5. An image processing apparatus, characterized in that, include: The detection module is used to detect all moving areas of the target in the event images captured by the event camera; A matching module is used to acquire position comparison information and / or size comparison information between each target motion region and a pre-agreed region; wherein, the position comparison information is a position offset vector of the target motion region and the same reference point on the pre-agreed region; and to call a corresponding region matching algorithm based on the position comparison information and / or the size comparison information to match each target motion region to the corresponding pre-agreed region; the step of calling a corresponding region matching algorithm based on the position comparison information and / or the size comparison information to match each target motion region to the corresponding pre-agreed region includes: calling a corresponding region alignment algorithm based on the position comparison information; wherein, the region alignment algorithm includes a first region alignment algorithm and a second region alignment algorithm, the first region alignment algorithm being expressed as... D (x,y)= S ([x+m],[y+n]), the second region alignment algorithm is expressed as: D (x,y)= S ([xm],[yn]) , Indicates pixel position, Indicates the pixel position in the pre-agreed region Pixel value at that location, Indicates the pixel position in the target motion region The pixel value at position m represents the position offset vector value on the x-axis, and n represents the position offset vector value on the y-axis. This indicates a rounding operation; using the region alignment algorithm, the mapping position of the target pixel position in the pre-agreed region relative to the target motion region is calculated; the pixel value of the mapping position in the target motion region is assigned to the target pixel position in the pre-agreed region; The output module is used to reorder the sub-images corresponding to the target motion regions after matching in the event image according to the image size, and arrange the sub-images with the same resolution adjacently to obtain the image output order; and output each sub-image in sequence according to the image output order.

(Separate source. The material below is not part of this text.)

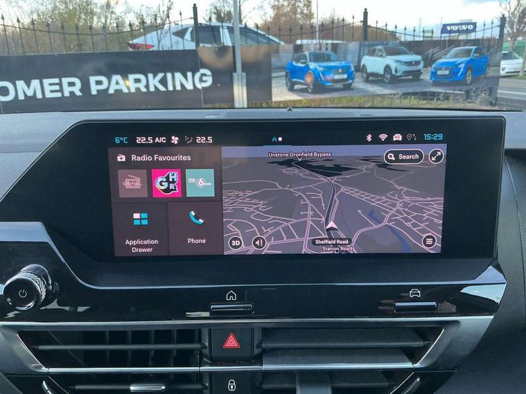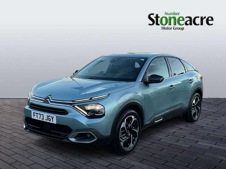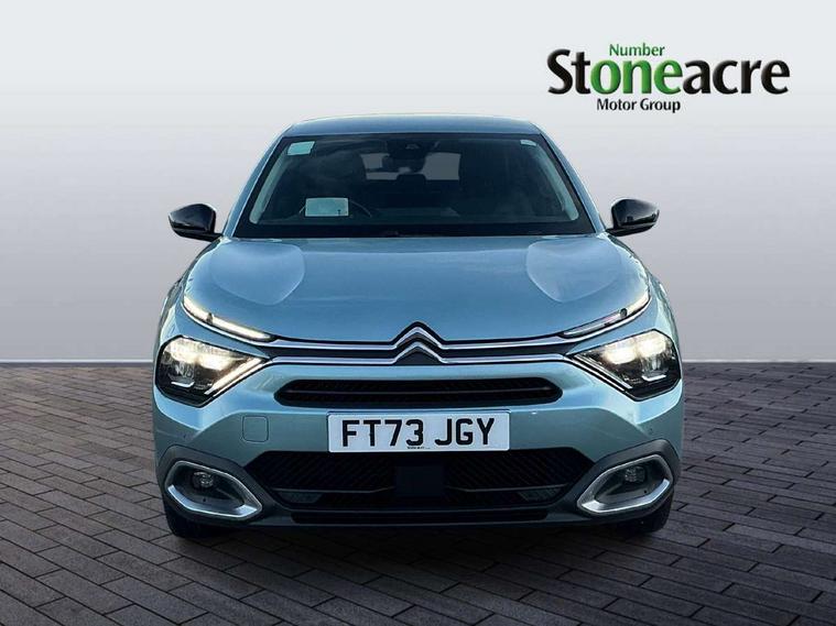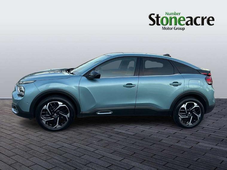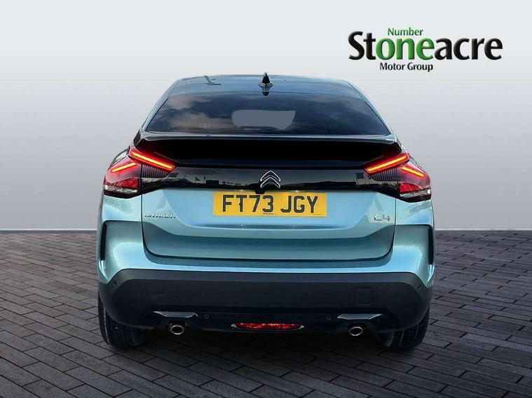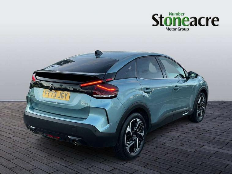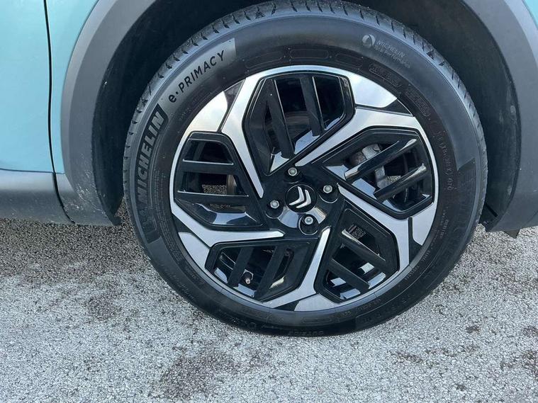 5.5 inch backlit full TFT driver's instrument cluster with LED ambient lighting, Active blind spot detection, Apple car play and Android auto, Citroen connect box emergency and assistance system, Citroen Smart Pad Support - integrated support for attaching a tablet computer for front passenger, Driver's head-up display, Electronic Power Steering (EPS), Front, rear and lateral parking sensors, In-crash braking, My Citroen Drive Plus: 10" high-resolution touchscreen user interface, controlling media, connectivity, vehicle settings + connected nav, Speed limiter, Tailgate, Voice commands, Advanced comfort suspension - double hydraulic stops on front and rear suspension, 6 speakers, Bluetooth telephone and audio streaming, DAB Digital radio, 3rd brake light, Automatic headlights, Body colour bumpers, Body colour door handles, Boot spoiler, C-Series badging on front wing, Dark tinted rear windows and side windows with chrome detail, Electrically heated, folding and adjustable external rear view mirrors with courtesy lighting, Electrochrome interior rear-view mirror with automatic day-night switching, Front and rear electric windows, Gloss black rear skirt, Intelligent beam headlights, LED daytime running lights in V signature, LED front fog lamps with static cornering function, LED front headlamps, Perla Nera black painted external rear view mirrors, Rain sensing automatic front windscreen wipers, Rear side wing doors, Rear wiper, Shark fin roof aerial, Welcome and goodbye lighting, 12V power outlet, 1x USB Type-C socket & data connection, 1x USB Type-A socket at 1st row + 1x USB Type-A socket , 1x USB Type-C socket in 2nd row, 3 rear headrests, 3 seat bench in 2nd row, Alcantara and black leather effect textile seats, Boot light, Dashboard tray in front cabin, Deluxe leather steering wheel with two command blocks, Driver and passenger sunvisors with illuminated vanity mirrors, Dual zone automatic air conditioning, Electrically heated front seats, Front and rear LED interior lighting, Front head restraints, Height adjustable driver's seat with adjustable lumbar support, Height adjustable front passenger seat, Height and reach adjustable steering wheel, Map pockets in rear of front seats, Raised centre console with armrest and two cup holders, Rear central folding armrest with cupholders and ski hatch, Single front passenger seat, Split folding rear seats, Two position boot floor, XXL storage in front cabin, High level acoustic insulation pack - C4/C4 X/e-C4 X, 3x3 point rear seatbelts, ABS, Driver and front passenger airbags, Electric parking brake, ESP, Front seatbelt pretensioners, Hill start assist, Manual child lock in second row, Manual deactivation of front passenger airbag, Row 1 and 2 curtain airbags, Row 1 side thorax airbags, Seatbelt unfastened on the move warning, Tyre underinflation detection, Anti-theft alarm (volumetric protection), Immobiliser, Keyless entry and start, Remote locking with deadlocks, 18" Bi-tone diamond-cut aeroblade alloy wheels with anti-theft locking wheel nuts, Puncture repair kit with compressor,

6. An electronic device, characterized in that, Includes memory and processor, of which: The processor is used to execute computer programs stored in the memory; When the processor executes the computer program, it implements the steps of the method according to any one of claims 1 to 4.
7. A computer-readable storage medium having a computer program stored thereon, characterized in that, When the computer program is executed by a processor, it implements the steps of the method according to any one of claims 1 to 4.